Él es un cínico, te ve como si no hubiera hecho nada. Y pues te da mucho coraje verlo tan tranquilo, te da coraje que alguien lo defienda.

Chely tiene poco más de 30 años, es madre, como la mayoría las mujeres que hoy defienden su derecho a vivir sin violencia y a decidir con quien estar, y por eso dice que fue la primera en tomar la determinación y denunciar a los soldados.

«Sabía que iba a ser difícil, que sería un proceso largo, más porque son militares y lo sabía, porque había escuchado noticias de que nunca se les ha hecho nada. Y quizá lo más terrible que iba a enfrentar era que tenía que compartir esta decisión con mis hijas, a quienes primero les tuve que decir a qué me dedicaba».
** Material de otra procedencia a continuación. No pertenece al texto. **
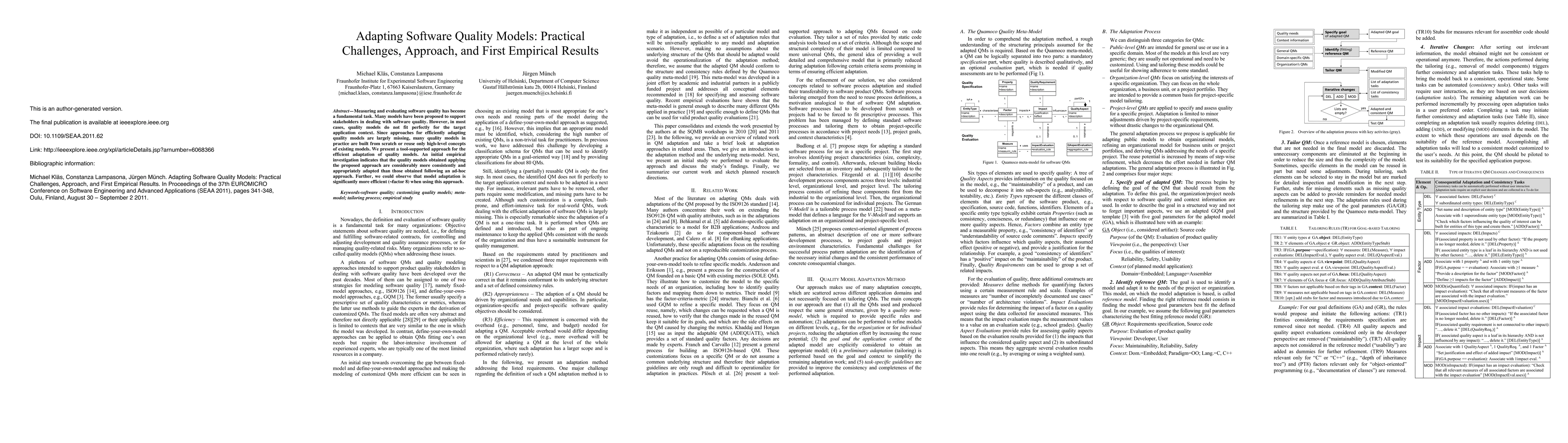 This paper presents a tool-supported approach for efficiently adapting software quality models to fit specific application contexts, demonstrating that it results in more consistent and appropriate adaptations compared to ad-hoc methods. Initial empirical results show the approach is significantly more efficient, reducing adaptation time by a factor of 8.

Kathy interrumpe: Sí eso es verdad. Por eso todavía no podemos estar en paz, sabemos cómo hacen con las indígenas de Oaxaca, de Chiapas o de Guerrero, imagínate las cosas que han de pasar en las sierras, esas mujeres muchas veces no dicen nada y cuándo lo dijeron tampoco hubo justicia para ellas.

Sí, agrega Chely, con nosotras pensaron que iba a ser lo mismo, más porque trabajamos en este ambiente, abusan de su poder, de su uniforme.

«Los ojetes tienen que pagar. Supuestamente el Ejército nos cuida, entonces ¿qué está pasando?», cuestiona Kathy a quien por momentos su rostro dulce se transforma en un gesto de amargura.

El silencio vuelve por un instante al pequeño cuarto donde se hace la entrevista. Luego Cathy retoma el diálogo: Yo sí creo en Dios, por eso le pido que haga justicia.

Las dos jóvenes explican que sería bueno que las autoridades «se movieran» y que no sólo les digan que están buscando a los soldados prófugos sino que los detengan, porque en tanto eso no pase, la vida para ellas no podrá tener tranquilidad, «de por sí nos han cambiado la vida para siempre».